* **Aim of the task**
From the data that follows, set down exactly the lines from the one with "The gloves are" through the one with "Baaxxango - سيقان", counting both. Pictures stay out.

* **Records for this exercise**
------------------------------------------------
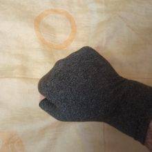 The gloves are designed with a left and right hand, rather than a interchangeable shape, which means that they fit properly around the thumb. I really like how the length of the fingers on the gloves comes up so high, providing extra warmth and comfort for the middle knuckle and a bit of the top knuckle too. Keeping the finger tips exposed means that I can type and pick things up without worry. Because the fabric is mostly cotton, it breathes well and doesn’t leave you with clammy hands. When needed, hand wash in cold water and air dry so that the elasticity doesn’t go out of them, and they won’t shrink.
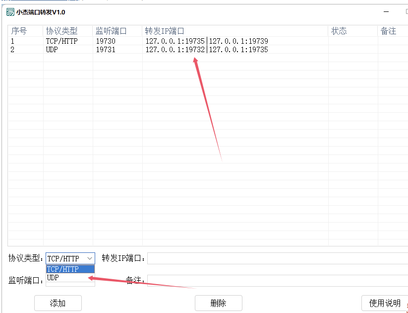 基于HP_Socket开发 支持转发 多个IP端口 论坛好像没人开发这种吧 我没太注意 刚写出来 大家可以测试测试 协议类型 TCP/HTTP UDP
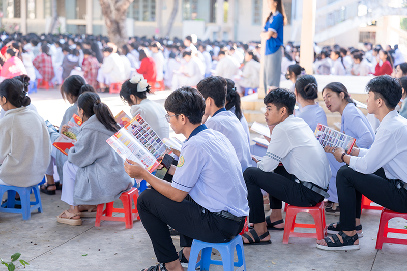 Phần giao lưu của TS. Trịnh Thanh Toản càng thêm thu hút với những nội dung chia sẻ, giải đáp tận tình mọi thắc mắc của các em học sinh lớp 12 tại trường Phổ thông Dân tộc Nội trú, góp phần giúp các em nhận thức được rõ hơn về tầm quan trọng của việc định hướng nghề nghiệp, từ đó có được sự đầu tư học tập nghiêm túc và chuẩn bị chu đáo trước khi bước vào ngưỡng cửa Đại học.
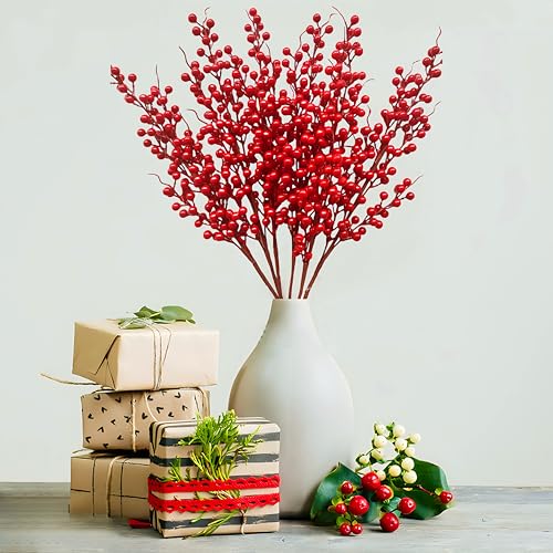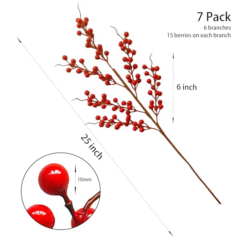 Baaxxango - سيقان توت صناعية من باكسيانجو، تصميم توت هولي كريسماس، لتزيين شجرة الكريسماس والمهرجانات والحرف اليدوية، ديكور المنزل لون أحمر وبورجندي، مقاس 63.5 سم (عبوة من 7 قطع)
------------------------------------------------
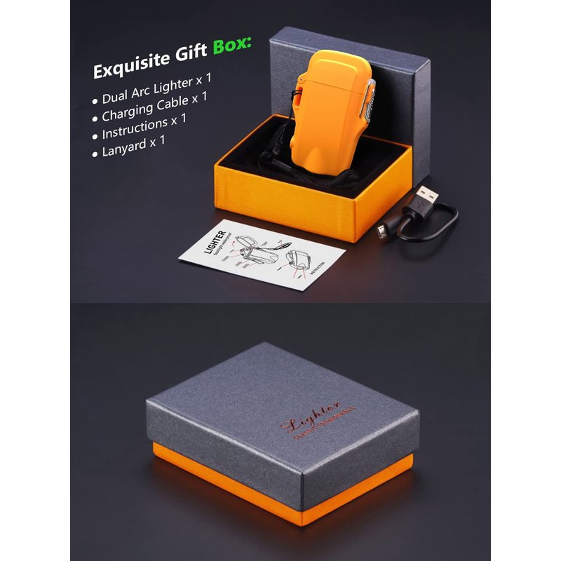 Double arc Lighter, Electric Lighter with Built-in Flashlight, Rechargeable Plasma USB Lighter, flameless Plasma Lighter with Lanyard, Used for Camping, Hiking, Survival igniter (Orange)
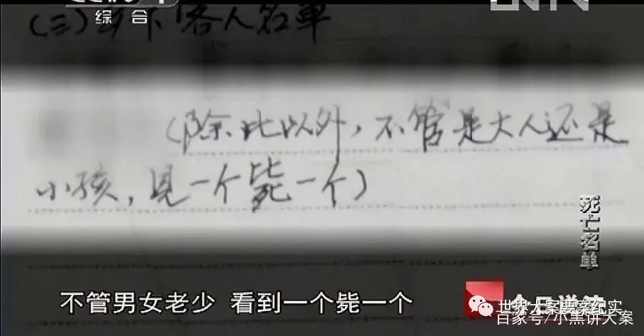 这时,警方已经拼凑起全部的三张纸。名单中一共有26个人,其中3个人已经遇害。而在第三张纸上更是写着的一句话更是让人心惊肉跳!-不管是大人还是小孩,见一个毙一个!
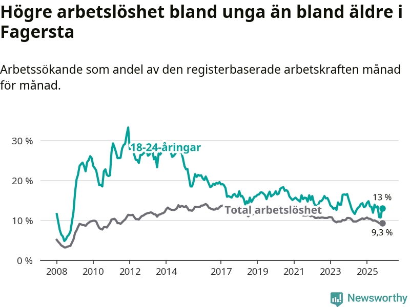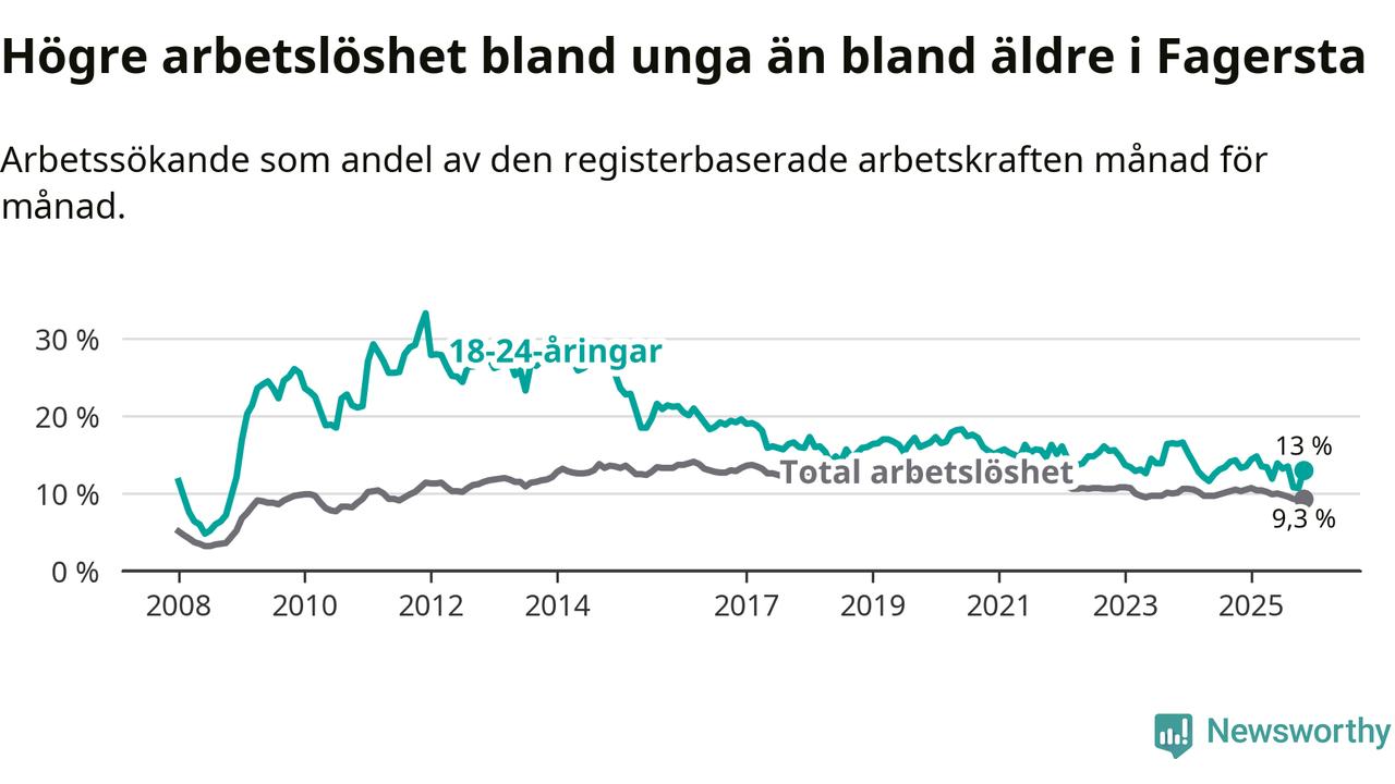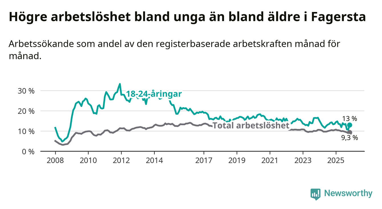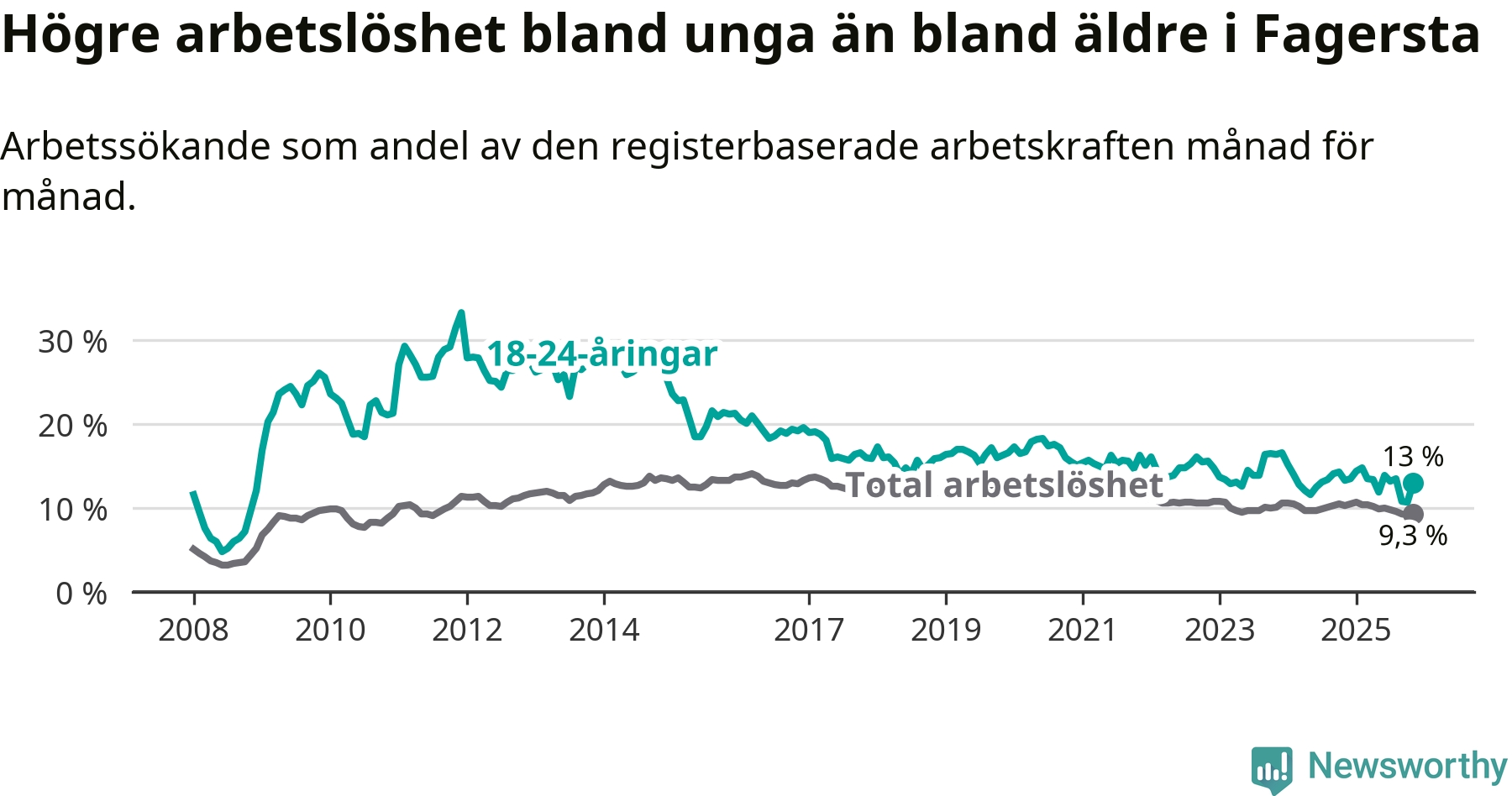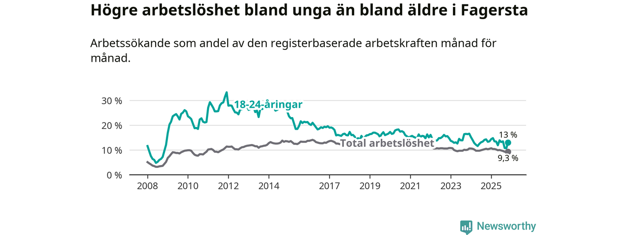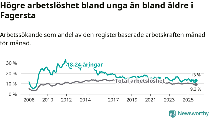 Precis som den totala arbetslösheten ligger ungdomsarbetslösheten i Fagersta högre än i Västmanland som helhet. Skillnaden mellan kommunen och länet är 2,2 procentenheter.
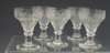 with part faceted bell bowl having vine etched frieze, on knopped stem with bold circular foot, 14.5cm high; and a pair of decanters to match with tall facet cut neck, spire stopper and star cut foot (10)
------------------------------------------------
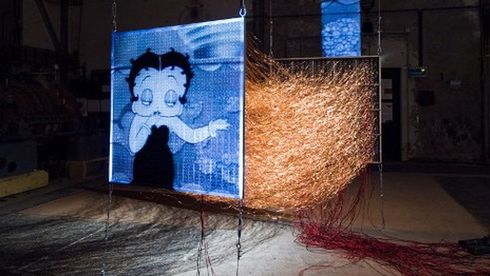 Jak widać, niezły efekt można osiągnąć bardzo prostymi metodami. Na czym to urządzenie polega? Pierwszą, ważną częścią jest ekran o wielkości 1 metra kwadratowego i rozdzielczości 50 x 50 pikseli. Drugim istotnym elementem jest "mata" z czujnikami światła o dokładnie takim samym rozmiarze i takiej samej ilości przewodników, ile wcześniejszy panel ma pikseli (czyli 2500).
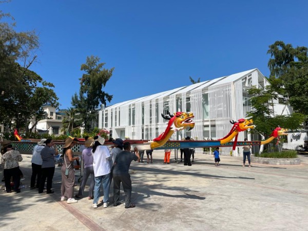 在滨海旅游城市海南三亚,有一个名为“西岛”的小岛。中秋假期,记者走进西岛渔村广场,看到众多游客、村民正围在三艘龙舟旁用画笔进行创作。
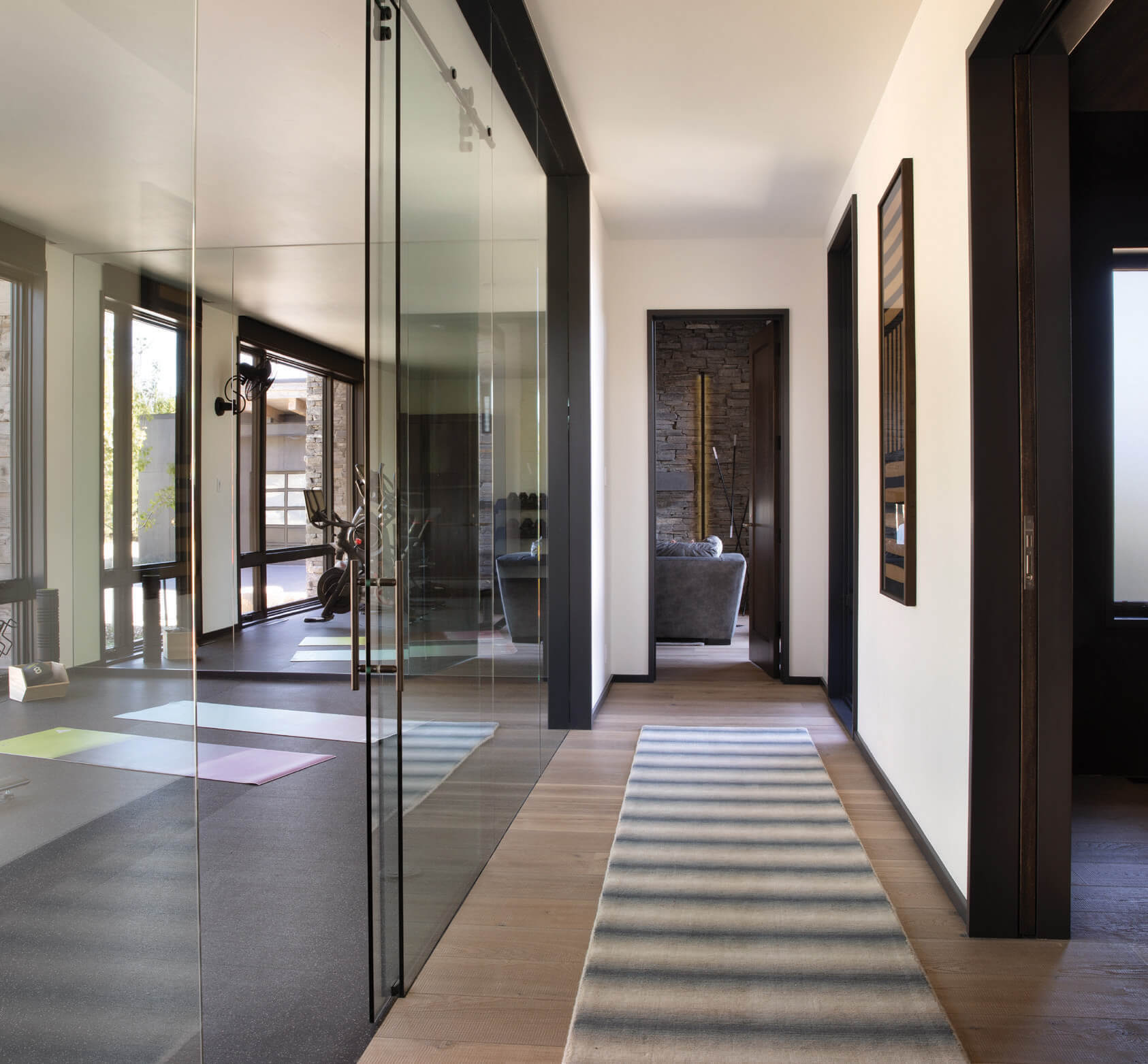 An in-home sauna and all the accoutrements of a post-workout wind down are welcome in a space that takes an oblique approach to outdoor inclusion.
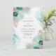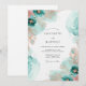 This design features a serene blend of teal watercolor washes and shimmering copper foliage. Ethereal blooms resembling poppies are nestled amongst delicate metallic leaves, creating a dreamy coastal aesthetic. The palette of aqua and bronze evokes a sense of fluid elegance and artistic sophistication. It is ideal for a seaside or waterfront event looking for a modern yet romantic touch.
------------------------------------------------
* **Response**
 The gloves are designed with a left and right hand, rather than a interchangeable shape, which means that they fit properly around the thumb. I really like how the length of the fingers on the gloves comes up so high, providing extra warmth and comfort for the middle knuckle and a bit of the top knuckle too. Keeping the finger tips exposed means that I can type and pick things up without worry. Because the fabric is mostly cotton, it breathes well and doesn’t leave you with clammy hands. When needed, hand wash in cold water and air dry so that the elasticity doesn’t go out of them, and they won’t shrink.
 基于HP_Socket开发 支持转发 多个IP端口 论坛好像没人开发这种吧 我没太注意 刚写出来 大家可以测试测试 协议类型 TCP/HTTP UDP
 Phần giao lưu của TS. Trịnh Thanh Toản càng thêm thu hút với những nội dung chia sẻ, giải đáp tận tình mọi thắc mắc của các em học sinh lớp 12 tại trường Phổ thông Dân tộc Nội trú, góp phần giúp các em nhận thức được rõ hơn về tầm quan trọng của việc định hướng nghề nghiệp, từ đó có được sự đầu tư học tập nghiêm túc và chuẩn bị chu đáo trước khi bước vào ngưỡng cửa Đại học.
 Baaxxango - سيقان توت صناعية من باكسيانجو، تصميم توت هولي كريسماس، لتزيين شجرة الكريسماس والمهرجانات والحرف اليدوية، ديكور المنزل لون أحمر وبورجندي، مقاس 63.5 سم (عبوة من 7 قطع)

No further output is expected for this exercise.